4 Experimental Setup

We quantify the performance improvement of the proposed BN Fission-n-Fusion using DenseNet-121 and ResNet-50. We used Caffe Jia et al. (2014) (Intel Caffe 1.0.7, which was released December 2017 Intel (2017), for Intel processors) as a reference CNN framework. We mainly used Intel’s latest chip multiprocessor (Skylake-based Xeon Gold 6138 Doweck et al. (2017)) and GPU (Nvidia Pascal Titan X Foley & Danskin (2017)) for performance evaluation. The CPU system consists of 20 cores with 40 AVX-512 FMA (fused multiply-add) units per socket, achieving a peak performance of 3.34TFLOPS with two sockets. Two sockets have twelve memory channels, each with DDR4-2400 DRAM modules achieving up to 230.4GB/s. To observe performance trends with a higher FLOP/B ratio, we also controlled the data transfer rates of the memory channels.

Figure 6: CONV/FC vs. non-CONV execution time of DenseNet-121 among data-parallel architectures: GPU, KNL (Knights Landing), and Skylake-based Xeon. (a) Execution time per iteration (the numbers in parentheses indicate mini-batch size), (b) Execution time per image (normalized by the mini-batch size.)

width= Main-memory Architectures TFLOPS BW (GB/s) Intel Xeon Skylake (2-socket) 3.34 230.4 Intel Xeon Phi Knights Landing 5.30 400.0 Nvidia GPU Pascal Titan X 10.0 480.0

Table 1: Peak single-precision floating point performance and peak memory bandwidth on the latest data-parallel architectures.

We used Intel’s Skylake-based Xeon processor because it supports a highly-optimized open-source CNN library (MKL-DNN v0.11 Intel (2016)) which can be modified for implementing BNFF. It supports extracting a variety of detailed hardware statistics, which can be helpful for analyzing BNFF benefits as well as for debugging. Figure 6 compares the execution time of DenseNet-121 over Pascal-based GPU (Titan X) using cuDNN, Knights Landing Xeon Phi (KNL) Sodani et al. (2016), and Skylake-based Xeon (see Table 1 for a summary of their peak performance). We set the mini-batch sizes of KNL and Skylake-based Xeon to 128 and 120, respectively. However, due to memory capacity limitation, we set the mini-batch size of the Pascal-based GPU to 28.

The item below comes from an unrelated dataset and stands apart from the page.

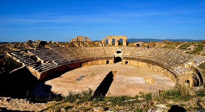 يوجد على أطراف المدينة من الناحية الشمالية وقد تمّ حفر حوالي ثلثي هذا المعلم على حساب هضبة بينما الواجهة الحالية توجد فوق مستوى سطح الأرض. يتكوّن المسرح المدرّج الذي تمّ انشاؤه في بداية القرن الثاني بعد الميلاد من ثلاثة عناصر: مستوى سفلي كان مخصّصا لإنزال الحيوانات والمصارعين، والحلبة حيث تجري عروض المصارعة، والمدارج المخصّصة للمتفرجين. وقد كانت طاقة إستيعاب هذا المعلم حوالي 17 ألف متفرّج، وهو بذلك يحتل المرتبة الثالثة في البلاد التونسية بعد الجم وقرطاج.

All three architectures spend more time on non-CONV layers compared to CONV layers, demonstrating the importance of optimizing these non-CONV layers (see Figure 6(a)). In Table 1, Skylake-based Xeon has 1.6 and 3.0 lower peak performance than KNL and GPU. However, execution time per image is similar to the others (see Figure 6(b)) because Skylake-based Xeon fully utilizes computing units on all CONV layers compared to the other architectures.

(a)
(b)
Figure 9: For DenseNet-121 and ResNet-50, (a) execution time and (b) the number of memory accesses per iteration by applying RCF (ReLU-CONV Fusion), RCF+MVF (Mean/Variance Fusion), BNFF (BN Fission-n-Fusion), and BNFF+ICF (Inter Composite-layer Fusion, DenseNet only). Mini-batch size is 120. *ICF improvement was estimated while the others were measured from Intel Xeon Skylake. **MVF is not applicable to backward pass.

5 Evaluation

We provide the evaluation results of applying BN Fission-n-Fusion on DenseNet-121 and ResNet-50 training. To understand the quantitative improvements in detail, we have chosen four different scenarios and have evaluated their execution time and the number of memory accesses. The four scenarios are RCF (ReLU-CONV Fusion), MVF (Mean/Variance Fusion) together with RCF, BNFF (BN Fission-n-Fusion) that includes both MVF and RCF, and BNFF with ICF (Inter Composite-layer Fusion, applicable only to DenseNet). While the performance improvement of RCF, MVF, and BNFF are from real-machine experiments, the improvement of ICF was estimated in line with BNFF improvement. The results are plotted in Figure 9. As a quick summary, the gain of BNFF over the baseline turns out to be 47.9% (30.8%) for the forward pass and 15.4% (9.0%) for the backward pass, and overall 25.7% (16.1%) for the training process of DenseNet-121 (ResNet-50) using the Xeon processor, respectively.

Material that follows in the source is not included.